Genetics and Genetic Testing – KidsHealth

Although advances in genetic testing have improved doctors’ ability to diagnose and treat certain illnesses, there are still some limits. Genetic tests can identify a particular problem gene, but can’t always predict how severely that gene will affect the person who carries it. In cystic fibrosis, for example, finding a problem gene on chromosome number 7 can’t necessarily predict whether a child will have serious lung problems or milder respiratory symptoms.

Also, simply having problem genes is only half the story because many illnesses develop from a mix of high-risk genes and environmental factors. Knowing that you carry high-risk genes may actually be an advantage if it gives you the chance to modify your lifestyle to avoid becoming sick.

As research continues, genes are being identified that put people at risk for illnesses like cancer, heart disease, psychiatric disorders, and many other medical problems. The hope is that someday it will be possible to develop specific types of gene therapy to totally prevent some diseases and illnesses.

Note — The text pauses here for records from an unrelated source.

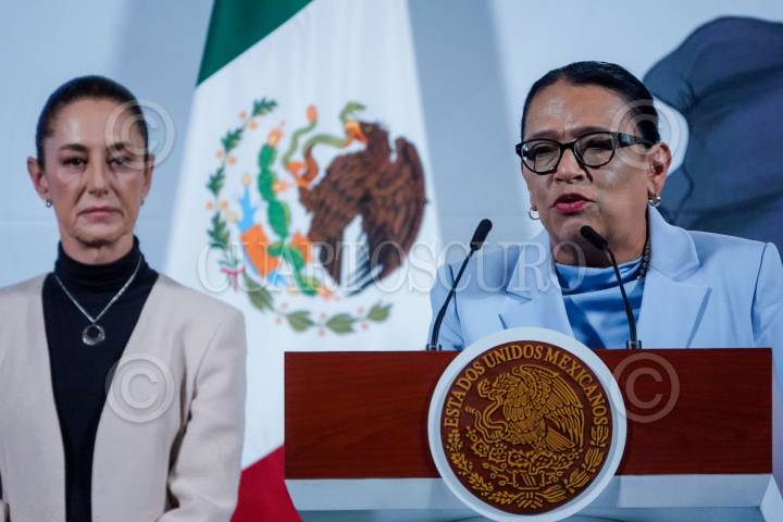 CIUDAD DE MÉXICO, 11MARZO2025.- Claudia Sheinbaum, presidenta de México, y Rosa Icela Rodríguez, secretaria de Gobernación, durante la conferencia “Mañanera del Pueblo” en la que se presentó el informe en materia de seguridad. FOTO: GALO CAÑAS/CUARTOSCURO.COM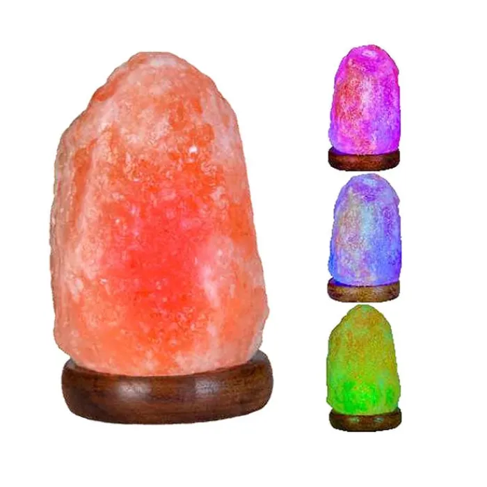 Esta lámpara de sal de acción purificante contiene unas propiedades específicas que depuran el ambiente. Elaboradas con sal procedente del Himalaya, de acción eficaz y prolongada. Su color va alternando constantemente entre violeta, rojo, verde, amarillo y azul. Incluye un cable de alimentación con conexión a la corriente de 120cm, bombilla de bajo consumo de 15v y una peana de madera para proteger cualquier superficie.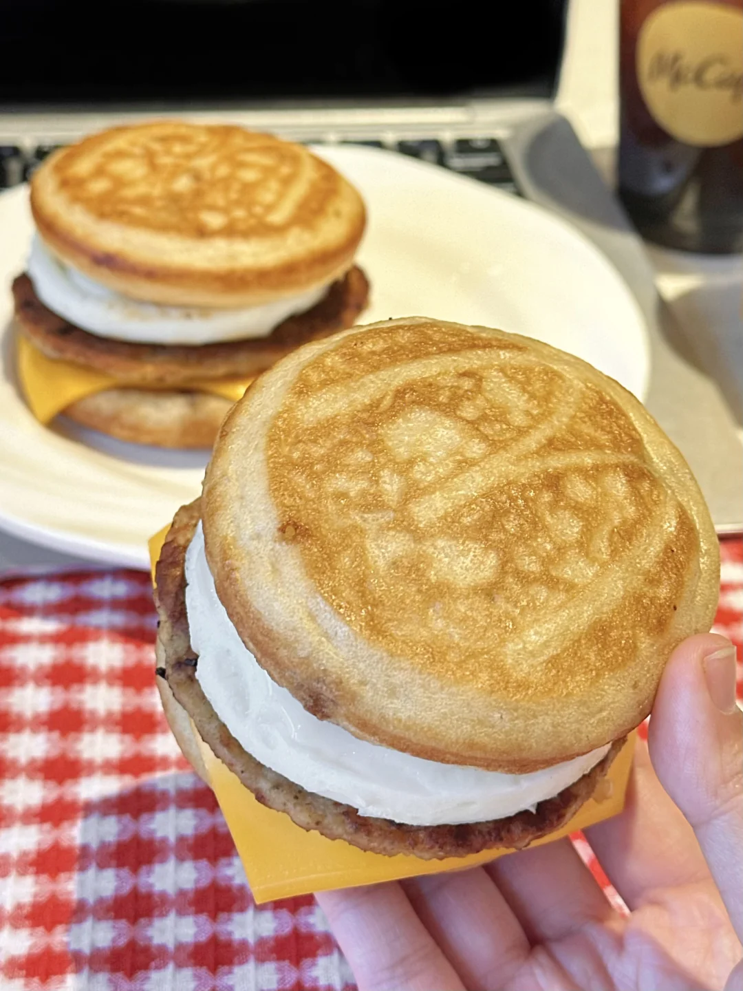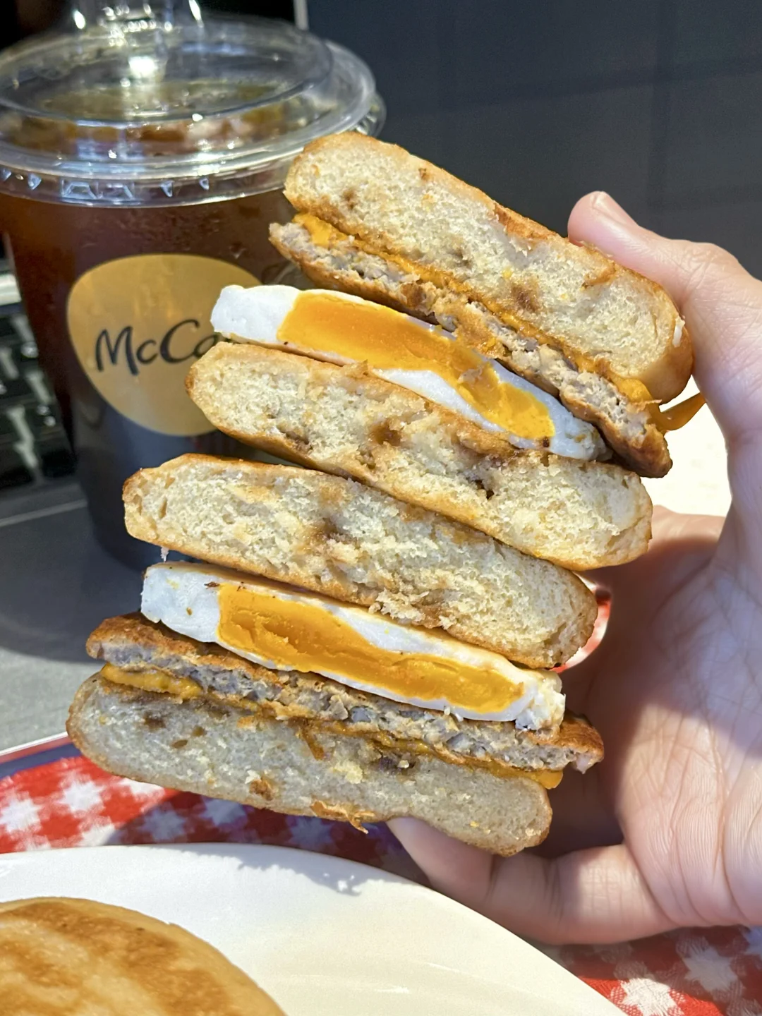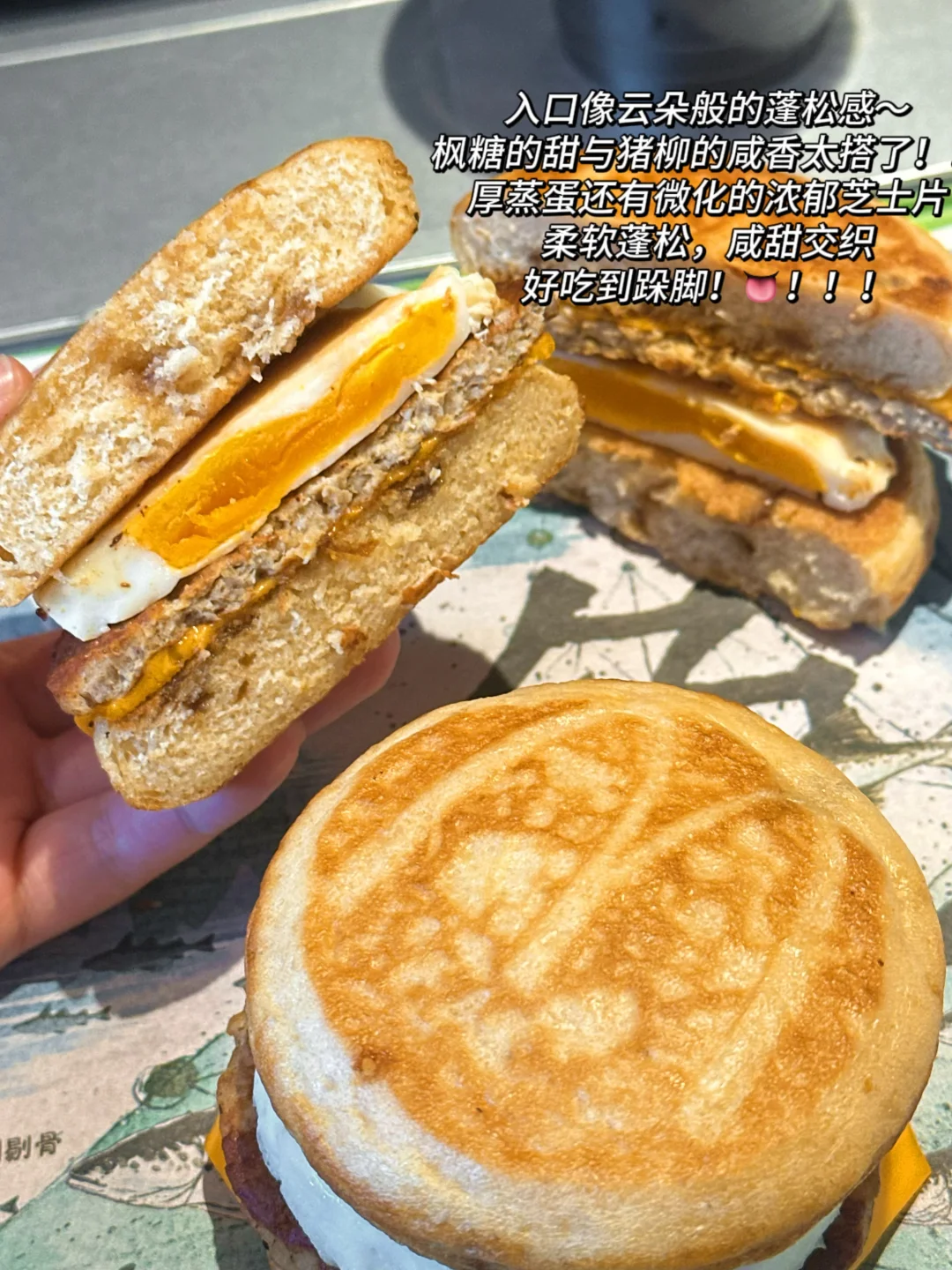 芜湖~不去香港也能吃上了 🍔新年第一顿是枫糖厚松饼堡! 新年吃咸甜,好运就连连~ - 软厚枫糖松饼和弹软的咸香猪柳 真的不要太满足😌 看着小小一个分量真不少, 超厚一个堡,给我吃撑了。 但不影响它的美味,我觉得我可以连吃一周🤩 - 麦说了,1.1-1.4连续4天枫糖班戟全天售卖!今天是唯一一天麦乐送免配送费哦! - 麦当劳枫糖厚松饼堡McGriddlesmcgriddles麦当劳全球爆款麦当劳枫糖厚松饼堡麦当劳早餐新年第一个祝福是麦麦给的

Gene therapy is already being used studied as a possible way to treat conditions like cystic fibrosis, cancer, and ADA deficiency (an immune deficiency), sickle cell disease, hemophilia, and thalassemia. However, severe complications have occurred in some patients receiving gene therapy, so current research with gene therapy is very carefully controlled.

Although genetic treatments for some conditions may be a long way off, there is still great hope that many more genetic cures will be found. The Human Genome Project, which was completed in 2003, identified and mapped out all of the genes (about 25,000) carried in our human chromosomes. The map is just the start, but it’s a very hopeful beginning.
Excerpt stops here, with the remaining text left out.